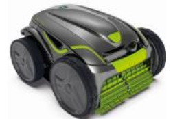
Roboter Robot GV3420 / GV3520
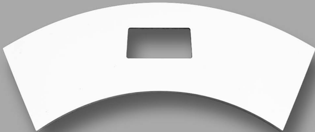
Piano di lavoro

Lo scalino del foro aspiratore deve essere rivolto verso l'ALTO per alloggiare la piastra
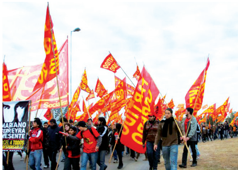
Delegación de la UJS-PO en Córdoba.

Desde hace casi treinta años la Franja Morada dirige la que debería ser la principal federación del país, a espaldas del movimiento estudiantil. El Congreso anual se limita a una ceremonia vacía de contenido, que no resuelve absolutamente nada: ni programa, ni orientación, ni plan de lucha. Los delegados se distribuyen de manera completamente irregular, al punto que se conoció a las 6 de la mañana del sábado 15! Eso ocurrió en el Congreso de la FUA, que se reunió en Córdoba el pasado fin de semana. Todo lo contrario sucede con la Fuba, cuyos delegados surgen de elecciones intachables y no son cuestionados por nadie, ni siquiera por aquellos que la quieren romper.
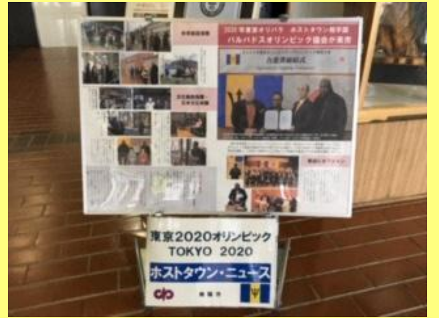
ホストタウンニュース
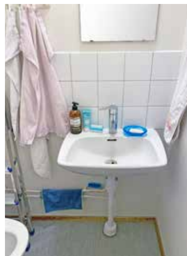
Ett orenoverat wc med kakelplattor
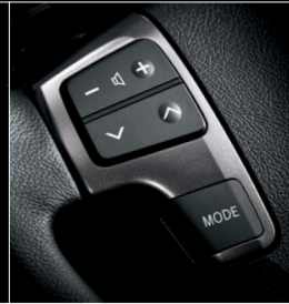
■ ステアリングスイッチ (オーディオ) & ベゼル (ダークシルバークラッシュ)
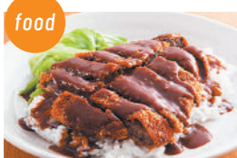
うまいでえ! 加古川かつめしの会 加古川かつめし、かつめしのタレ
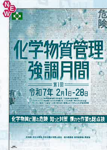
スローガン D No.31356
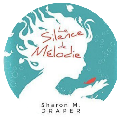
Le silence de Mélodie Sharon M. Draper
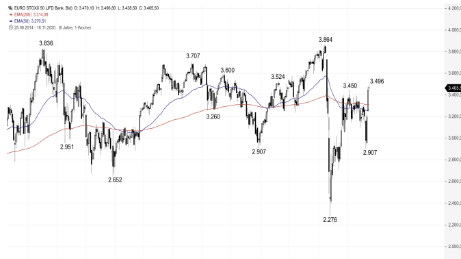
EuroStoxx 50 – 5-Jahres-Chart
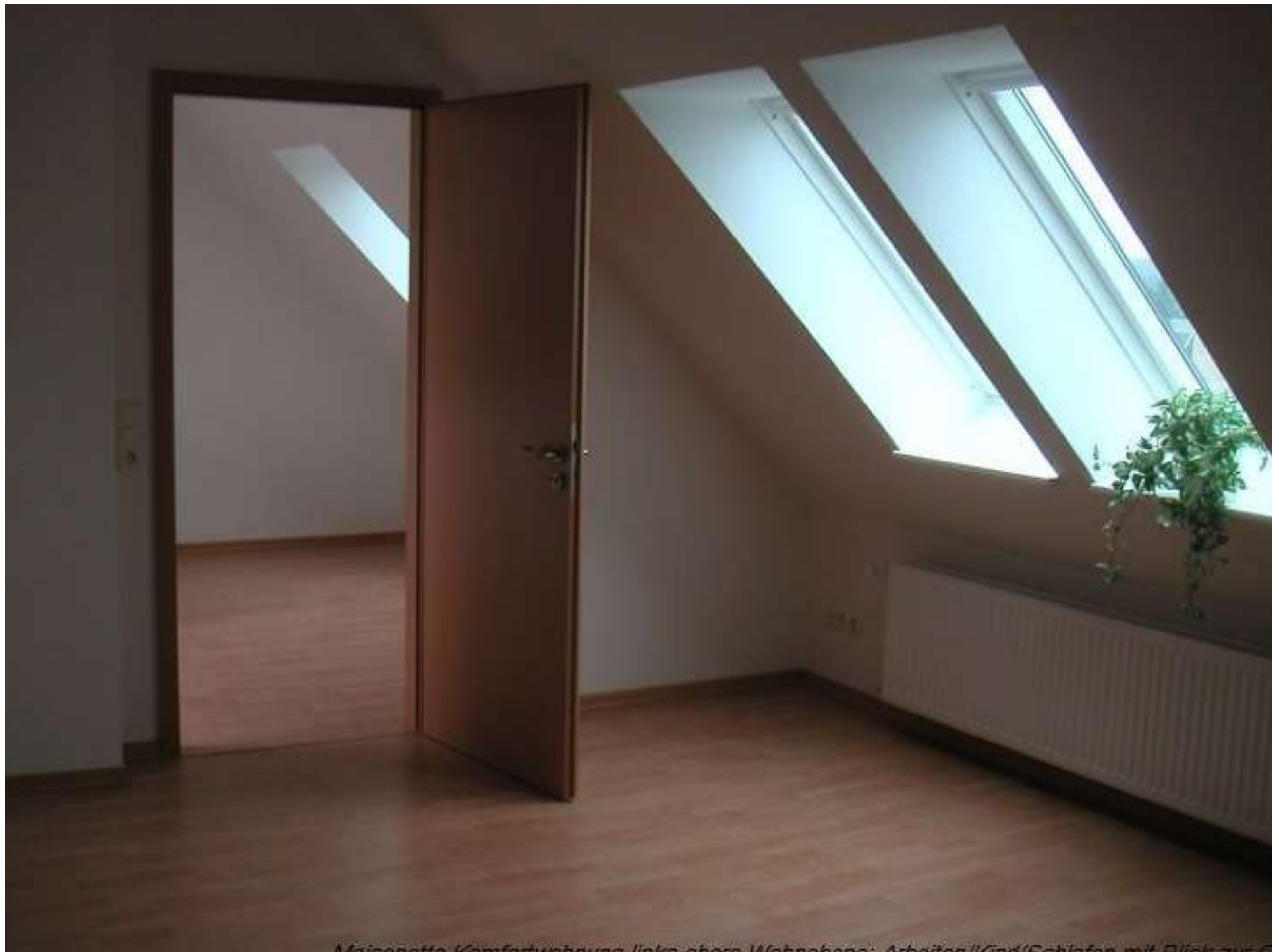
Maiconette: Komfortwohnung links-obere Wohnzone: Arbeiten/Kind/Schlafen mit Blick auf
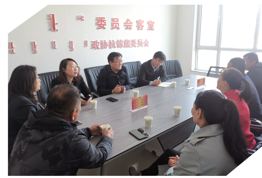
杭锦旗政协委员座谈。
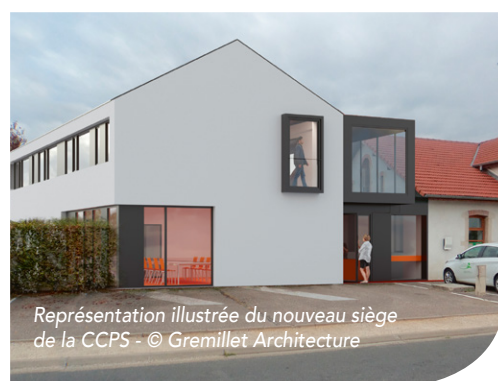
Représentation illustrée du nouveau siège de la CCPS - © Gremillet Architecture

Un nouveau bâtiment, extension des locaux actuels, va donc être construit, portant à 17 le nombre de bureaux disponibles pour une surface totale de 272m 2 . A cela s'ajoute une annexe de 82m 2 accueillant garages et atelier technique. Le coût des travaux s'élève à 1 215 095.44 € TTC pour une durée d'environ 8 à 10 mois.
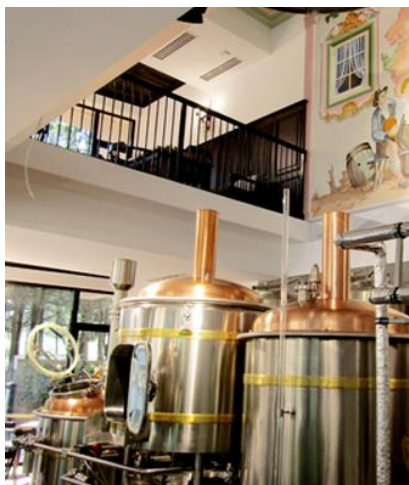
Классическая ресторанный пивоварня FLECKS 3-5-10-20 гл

# [Task to carry out]
Because only the text is wanted, repeat all the entries exactly and leave out the pictures.

# [Answer for this exercise]
Roboter Robot GV3420 / GV3520
Piano di lavoro

Lo scalino del foro aspiratore deve essere rivolto verso l'ALTO per alloggiare la piastra
Delegación de la UJS-PO en Córdoba.

Desde hace casi treinta años la Franja Morada dirige la que debería ser la principal federación del país, a espaldas del movimiento estudiantil. El Congreso anual se limita a una ceremonia vacía de contenido, que no resuelve absolutamente nada: ni programa, ni orientación, ni plan de lucha. Los delegados se distribuyen de manera completamente irregular, al punto que se conoció a las 6 de la mañana del sábado 15! Eso ocurrió en el Congreso de la FUA, que se reunió en Córdoba el pasado fin de semana. Todo lo contrario sucede con la Fuba, cuyos delegados surgen de elecciones intachables y no son cuestionados por nadie, ni siquiera por aquellos que la quieren romper.
ホストタウンニュース
Ett orenoverat wc med kakelplattor
■ ステアリングスイッチ (オーディオ) & ベゼル (ダークシルバークラッシュ)
うまいでえ! 加古川かつめしの会 加古川かつめし、かつめしのタレ
スローガン D No.31356
Le silence de Mélodie Sharon M. Draper
EuroStoxx 50 – 5-Jahres-Chart
Maiconette: Komfortwohnung links-obere Wohnzone: Arbeiten/Kind/Schlafen mit Blick auf
杭锦旗政协委员座谈。
Représentation illustrée du nouveau siège de la CCPS - © Gremillet Architecture

Un nouveau bâtiment, extension des locaux actuels, va donc être construit, portant à 17 le nombre de bureaux disponibles pour une surface totale de 272m 2 . A cela s'ajoute une annexe de 82m 2 accueillant garages et atelier technique. Le coût des travaux s'élève à 1 215 095.44 € TTC pour une durée d'environ 8 à 10 mois.
Классическая ресторанный пивоварня FLECKS 3-5-10-20 гл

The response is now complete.